Billboard wrote Tony "weaves a very delightful holiday spirit with such favorites as 'White Christmas', 'My Favorite Things', 'Silent Night', and 'Snowfall'." Cash Box highlighted Bennett's "inimitable readings of 'My Favorite Things', 'The Christmas Song', 'White Christmas', 'Winter Wonderland' and a host of others." Record World referred to it as "Smooth and enticing".

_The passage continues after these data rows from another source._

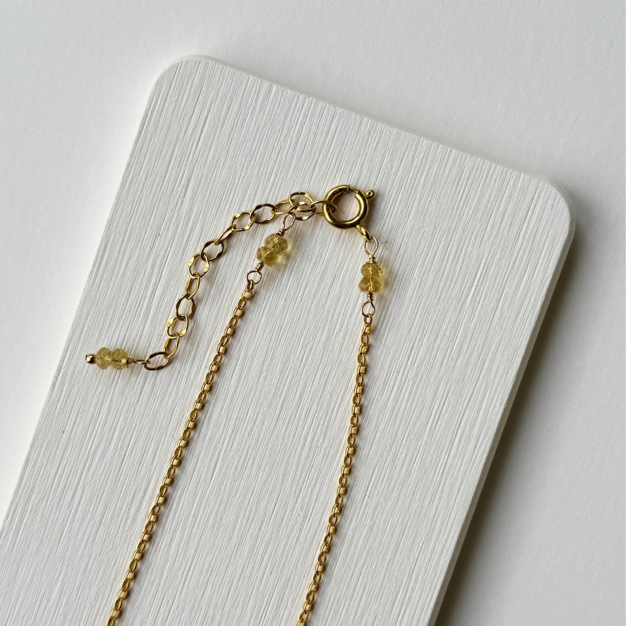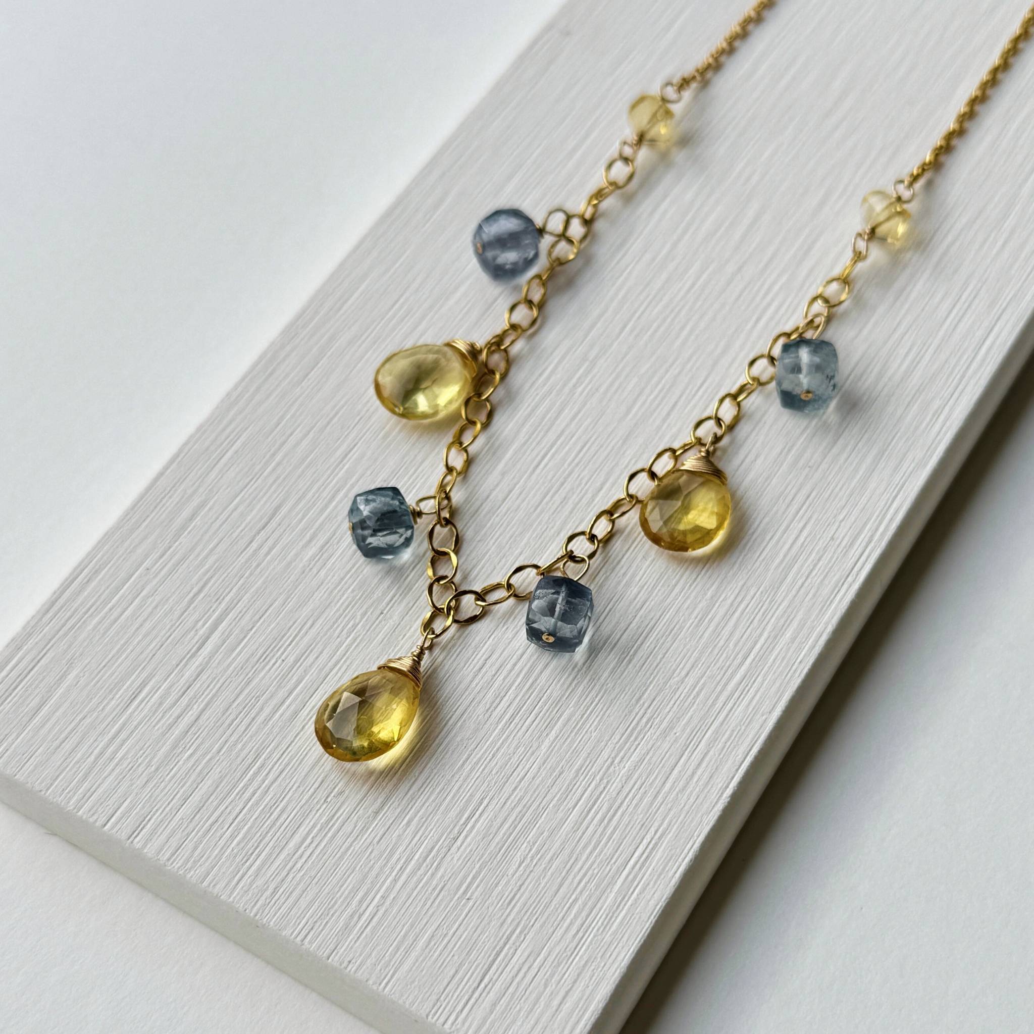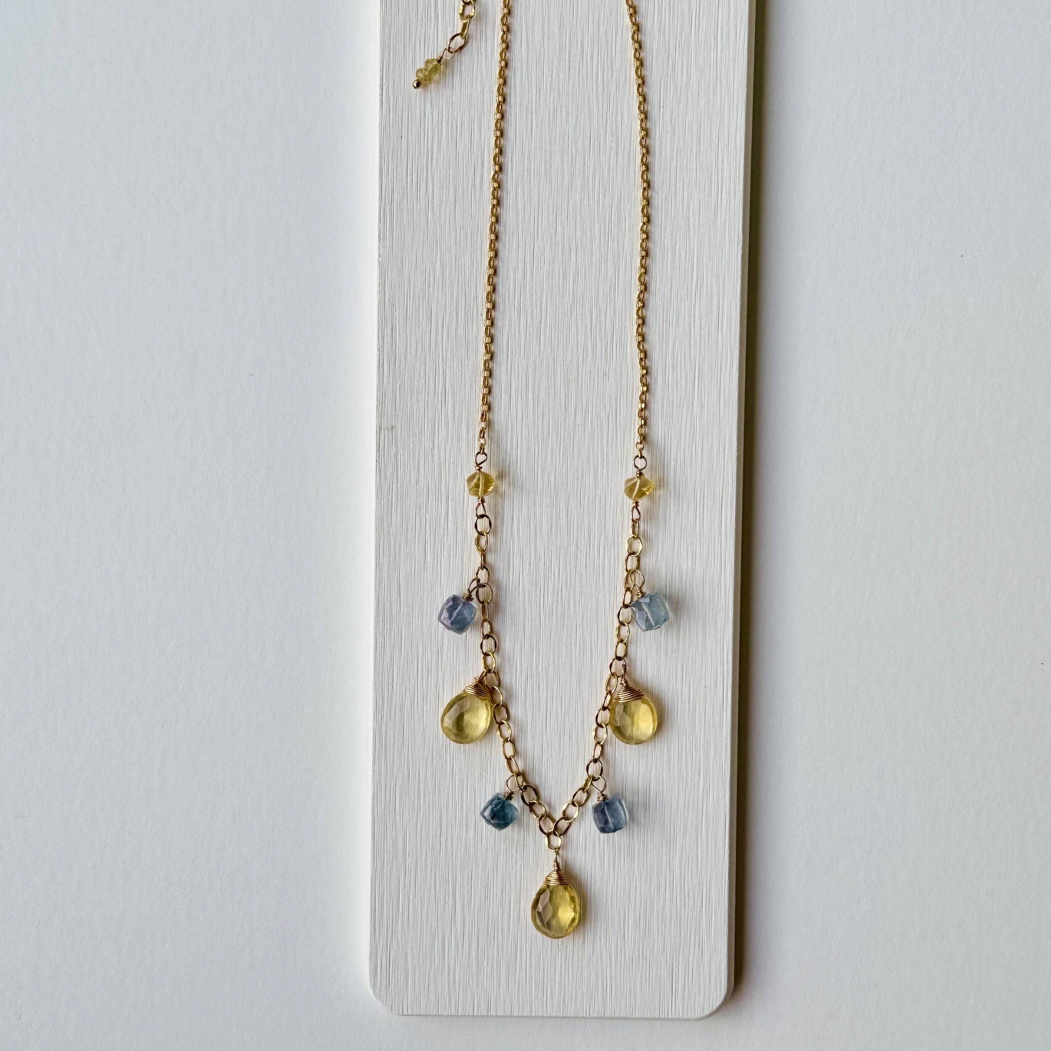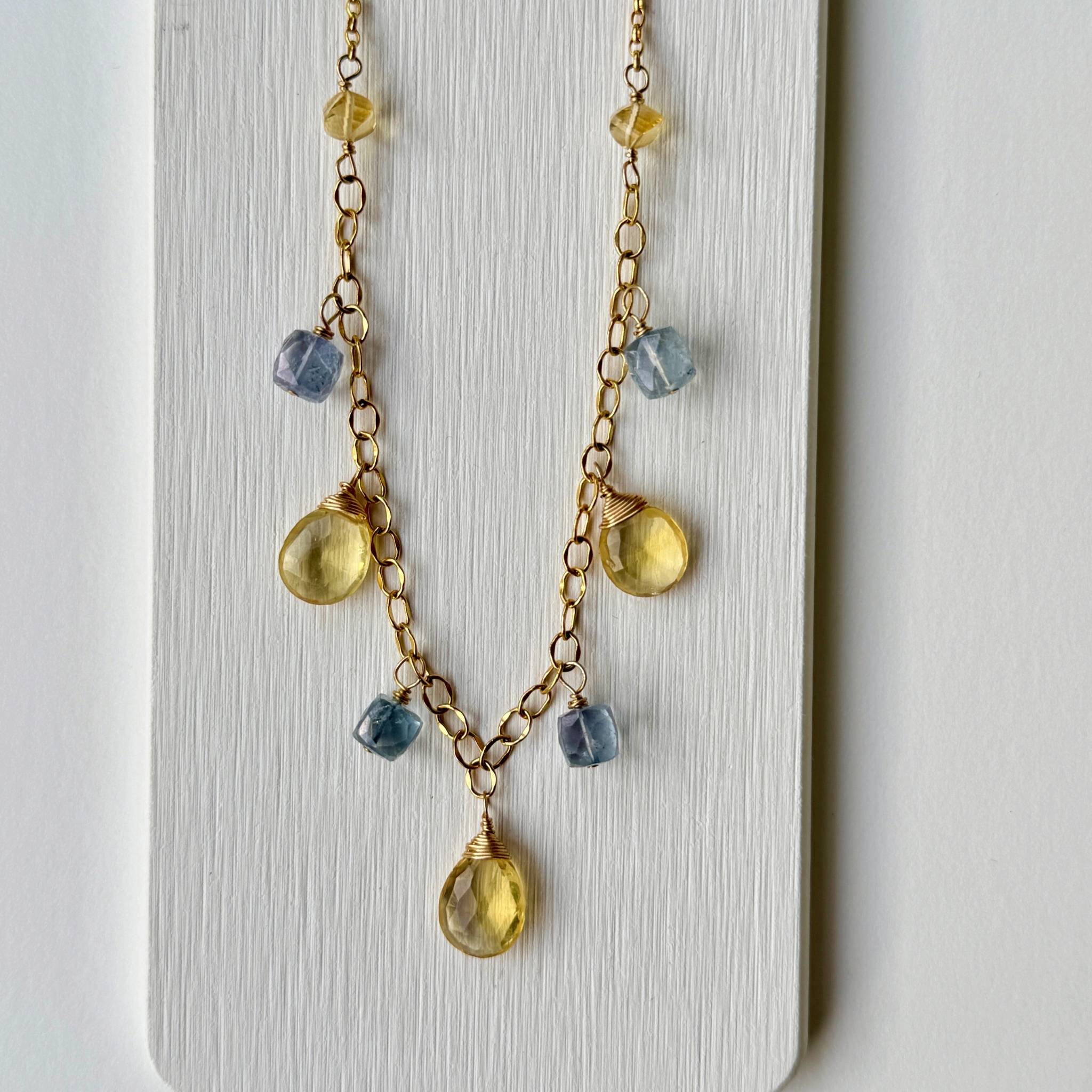 Materials: 14k gold-filled chains & clasp; faceted Citrine hearts and Blue Quartz cubes
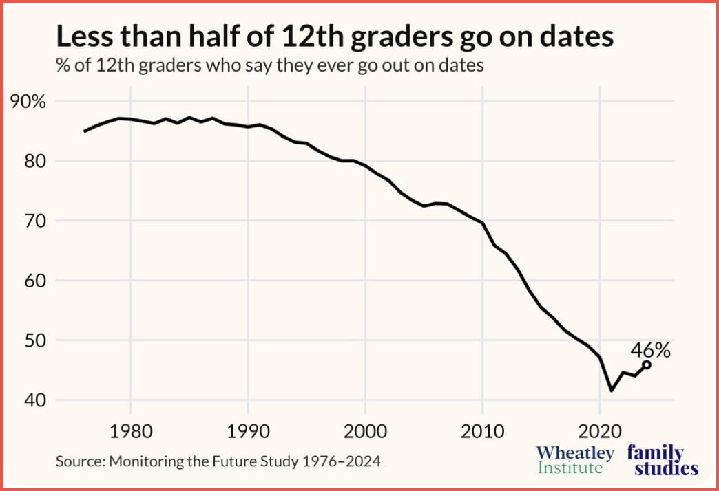 Less than half of U.S. high school seniors now report going on dates, down sharply from past decades when dating was the norm. The share of teens who date has fallen steadily since the 1980s.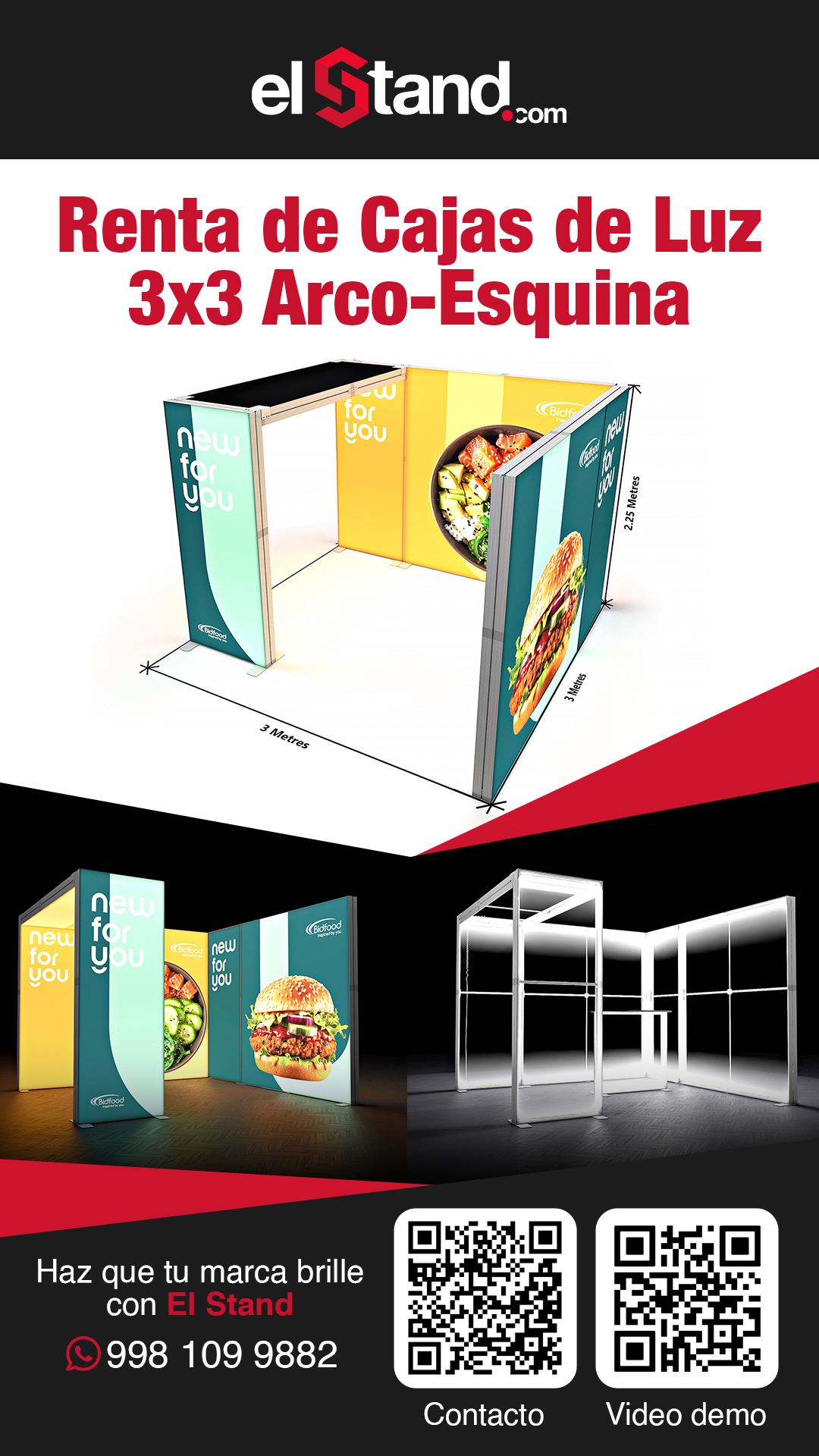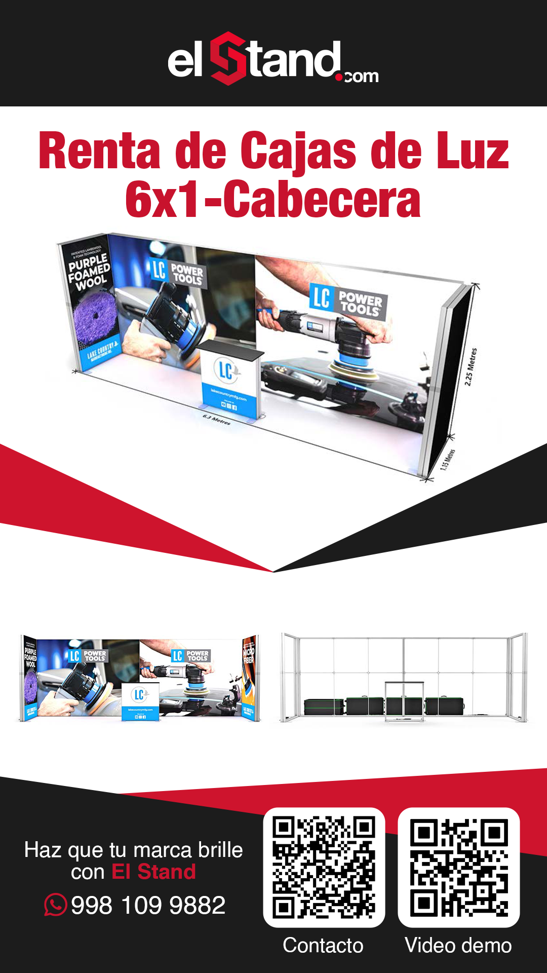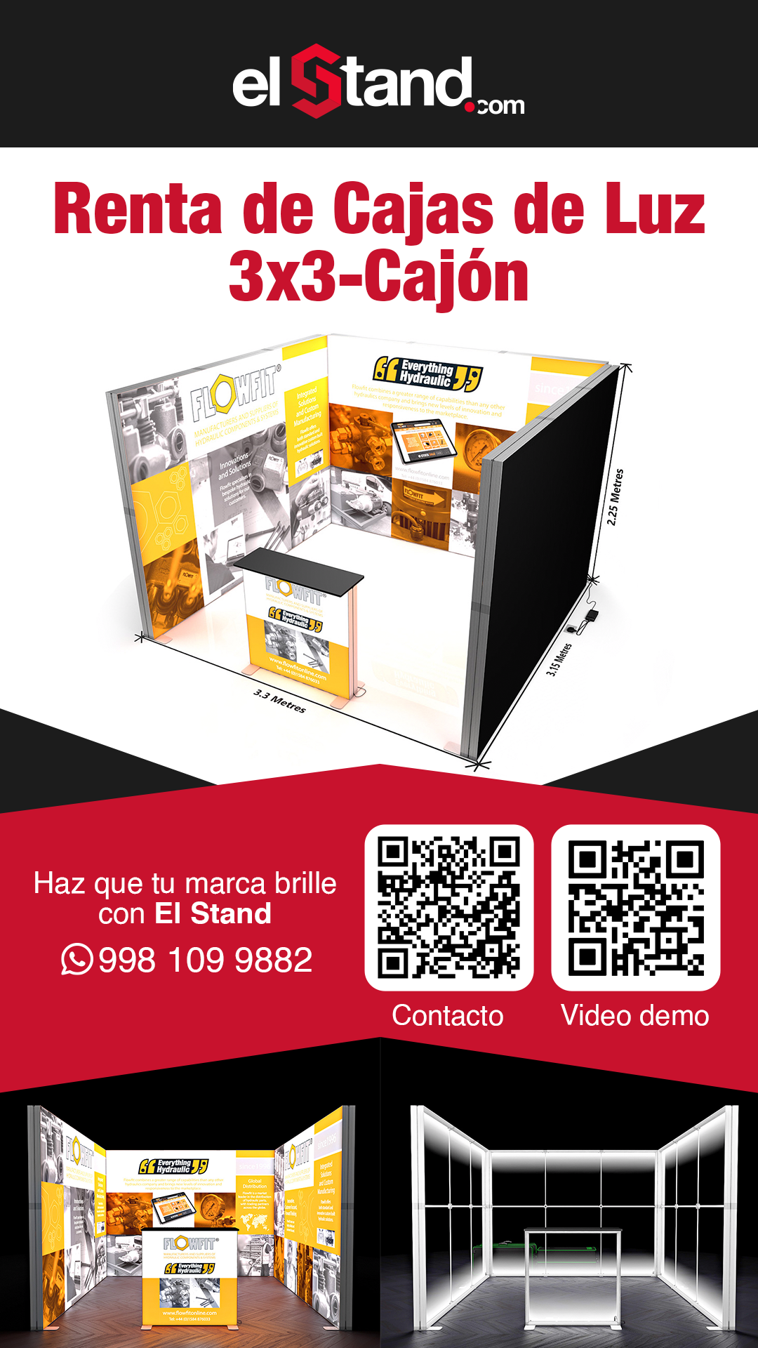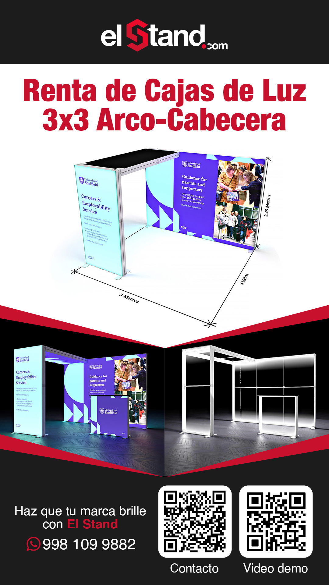 Incluye : 1 montaje, 1 Desmontaje. *Precio no incluye ningún pago por nuestra parte al recinto, se requiere contar con 1 contacto por parte del evento para electrificar las lámparas y pantallas de su stand.

William Ruhlmann of AllMusic described the album as "a swinging affair" and noted that "Bennett's warm style was especially winning on this kind of material, making an inevitable assignment a winning combination of singer and songs."

Professional ratings
Review scores
| Source | Rating |
| AllMusic | Star |
| The Encyclopedia of Popular Music | Star |

==Track listing==

Side one
| No. | Title | Writer(s) | Length |
|---|---|---|---|
| 1. | "Snowfall" | Claude Thornhill, Ruth Thornhill | 2:52 |
| 2. | "My Favorite Things" | Oscar Hammerstein II, Richard Rodgers | 3:17 |
| 3. | "The Christmas Song" | Mel Tormé, Bob Wells | 2:36 |
| 4. | "Santa Claus Is Coming to Town" | J. Fred Coots, Haven Gillespie | 2:38 |
| 5. | "Medley: We Wish You a Merry Christmas/Silent Night/O Come All You Faithful/Jingle Bells/Where Is Love?" | Traditional/Josef Mohr, Franz Xaver Gruber/John Francis Wade/James Pierpont/Lionel Bart | 5:47 |

Side two
| No. | Title | Writer(s) | Length |
|---|---|---|---|
| 6. | "Christmasland" | Dennis Farnon, Brian Farnon | 2:23 |
| 7. | "I Love the Winter Weather/I've Got My Love to Keep Me Warm" | Ticker Freeman, Earl Brown/Irving Berlin | 2:11 |
| 8. | "White Christmas" | Berlin | 2:05 |
| 9. | "Winter Wonderland" | Felix Bernard, Dick Smith | 2:15 |
| 10. | "Have Yourself a Merry Little Christmas" | Ralph Blane, Hugh Martin | 3:03 |
| Total length: |  |  | 29:08 |

1992 CD reissue
| No. | Title | Writer(s) | Length |
|---|---|---|---|
| 1. | "My Favorite Things" | Oscar Hammerstein II, Richard Rodgers | 3:17 |
| 2. | "The Christmas Song" | Mel Tormé, Bob Wells | 2:36 |
| 3. | "Santa Claus Is Coming to Town" | J. Fred Coots, Haven Gillespie | 2:38 |
| 4. | "Medley: We Wish You a Merry Christmas/Silent Night/O Come All You Faithful/Jingle Bells/Where Is Love?" | Traditional/Josef Mohr, Franz Xaver Gruber/John Francis Wade/James Pierpont/Lionel Bart | 5:47 |
| 5. | "Christmasland" | Dennis Farnon, Brian Farnon | 2:23 |
| 6. | "I Love the Winter Weather/I've Got My Love to Keep Me Warm" | Ticker Freeman, Earl Brown/Irving Berlin | 2:11 |
| 7. | "White Christmas" | Berlin | 2:05 |
| 8. | "Winter Wonderland" | Felix Bernard, Dick Smith | 2:15 |
| 9. | "Have Yourself a Merry Little Christmas" | Ralph Blane, Hugh Martin | 3:03 |
| 10. | "Snowfall" | Claude Thornhill, Ruth Thornhill | 2:52 |
| 11. | "I'll Be Home for Christmas" | Buck Ram, Kim Gannon, Walter Kent | 2:02 |
| Total length: |  |  | 31:10 |

==Personnel==
- Tony Bennett – vocal
- Robert Farnon – arrangement, conducting
- Jack Gold – producer

==Charts==

Chart performance for Snowfall: The Tony Bennett Christmas Album
| Chart (2018–2023) | Peak position |
|---|---|
| Danish Albums (Hitlisten) | 26 |
| Dutch Albums (Album Top 100) | 72 |
| Lithuanian Albums (AGATA) | 62 |
| Swedish Albums (Sverigetopplistan) | 24 |

==Certifications==

Certifications for Snowfall: The Tony Bennett Christmas Album
| Region | Certification | Certified units/sales |
| United States (RIAA) | Platinum | 1,000,000^{‡} |
^{‡} Sales+streaming figures based on certification alone.